Полумрак – то ли чердачный, то ли уже подвальный.
Это – детство. Сквозь паклю журчащий страх.
Это Бах далёкий – перинатальный.

Встав на цоколь, можно вползти в окно.
Можно вплыть коридором, заросшим ряской.
Дальше – своды крон и тяжёлого мха сукно,
паркинсон просёлка в повозке тряской.

И совсем далеко – далеко – везде,
где земной гранит в небесную твердь приходит, –
край ступеням скал и предел езде
как предел роману, поэме, оде

 

* * *
Только слово. Невесомая –
беспардонная материя.
Как приёма против лома,
против речи нету двери.
В доме тянет сквозняком,
долу клонится торшер,
и жилец доходит до
посинения в душе.

И, дойдя до посинения,
вылетает из квартирного
верещания – сквозь стены –
прямо в город. Но настырно
следом тащится рефрен,
и парит, как нашатырь,
затухая лишь на пре-
деле гулкой тошноты.

И теперь беглец стреноженный,
ощущая, что – фактически –
оглянуться невозможно,
восклицает: «Эвридиче!
Эвридиче! Осторож-
но!» Дрожит на мушке дичь.
Несмываемо тавро.
Только слово впереди.

 

* * *
Тем щепоть. Поэтов масса.
Что нащупают в ночи
фары пегого Пегаса,
то в тетрадке и строчи.

Руль направо – что за лица!
Руль налево – что за речь!
Боже правый, где граница?!
По какой дороге бечь?

Где бы скрыться – в Рио, в Пизе ль?
Я б – охотно… Я б – сейчас…
Да троит лядащий дизель.
Нет, не вывезет Пегас.

 

* * *
Улисс по кличке Одиссей
в густых урюпинских трущобах
не ждёт гомеровских страстей.
Он ждёт пелевинских. Особых

не видя разниц между гре-
ческой и новоросской лирой.
Коль упражнения в игре
ленивы, как ни галопируй

по трём кишкам бескровных струн,
мотив косноязычен. Слово
не ясно вовсе. Злой типун
обрёл клиента. Вересково

махра курится. Но в дыму
не спрятать греческого носа
Герасиму, топя Муму,
и Разину, швыряя косо

в волну избыток нежных дев,
от томных шёпотов истаяв,
к родному классу охладев…
В пространной пустоте – Чапаев,

шурша надкрыльями, бредёт
по хляби – по уши в навозе –
и Анну бережно кладёт
в пучину вод.
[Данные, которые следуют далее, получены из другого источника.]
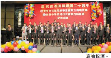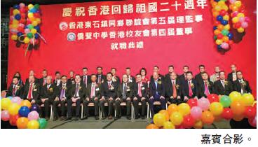 中央人民政府駐香港特別行政區聯絡辦公室港島工作部處長陳繼深,香港行政會議成員、立法會議員張國鈞,華閩(集團)有限公司總經理丁炳華,香港福建社團聯會永遠名譽會長施子清,晉江市委常委、統戰部部長黃文福,香港福建社團聯會副主席王大治,香港晉江社團總會主席洪頂超,晉江市東石鎮黨委書記洪建立,晉江市僑聲中學校長王海墘,全港各區工商聯會長盧錦欽邀擔任主禮嘉賓。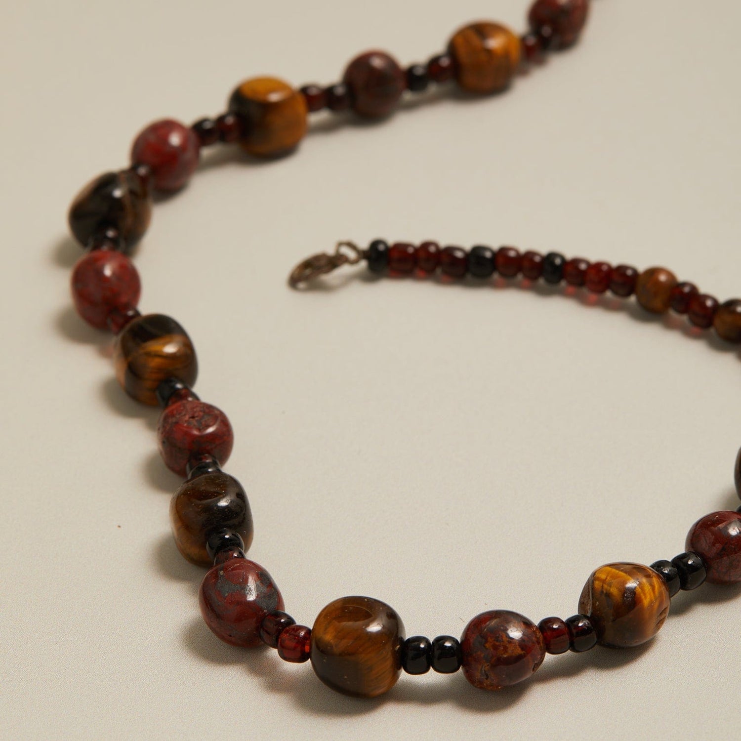 Vintage necklace with jasper stone beads. Inner row diameter: 20cm. Outer row diameter: 23cm. Heavy weight. Good vintage condition, cleaned and sterilised.

В высокой прозе

воспета женственность. Века,
скользя от Пенелопы к Анке,
не просят отдыха пока,
не тормозят на полустанке

провинций наших. А Гомер,
в гробу вращаясь ежечасно,
нам ставит образ и пример.
Напрасно, людие, напрасно…

 

* * *
С утра был ветер. Он хрипел.
Он отдирал извёстку с досок.
И распылённый ветром мел
кружился облаком. Набросок

на холст просился. Но холста
для бури не было. Оттенки
бесследно гасли. Лишь – то та,
то эта – вспыхивали стенки

фуры почтовой, неживой,
прибитой к камню тротуара.
А вихорь креп. Скользящий вой
казался шёпотом кошмара.

Казался, леденящим кровь,
забытых плачей отголоском.
И липли письма – вновь и вновь –
к разбитым, обнажённым доскам.

 

* * *
Поначалу мы молчали
в буро-кафельном проходе,
над фонтаном, что вначале
показался чем-то вроде

то ли вытянутой ванны,
то ли вымощенной лужи,
где слои являлись странны
взгляду, плывшему снаружи.

Где струились жестяные
разнопёрые салаки –
в свете масляном – иные,
и иные – в донном мраке.

А потом мы осознали,
что сидим в открытом сквере,
как в колонном аванзале
перед площадью, где в пере-

освещённой дымке сонной
храм мерещился огромный,
пустотою осенённый
с высоты головоломной.

Только позже, по дороге
в дом, прокуренный до сини,
говорили мы о Боге…
А потом… Мерло в графине

убывало неуклонно,
и лимона сохла долька,
выплеснутая на лоно
блюдца – белого. И только…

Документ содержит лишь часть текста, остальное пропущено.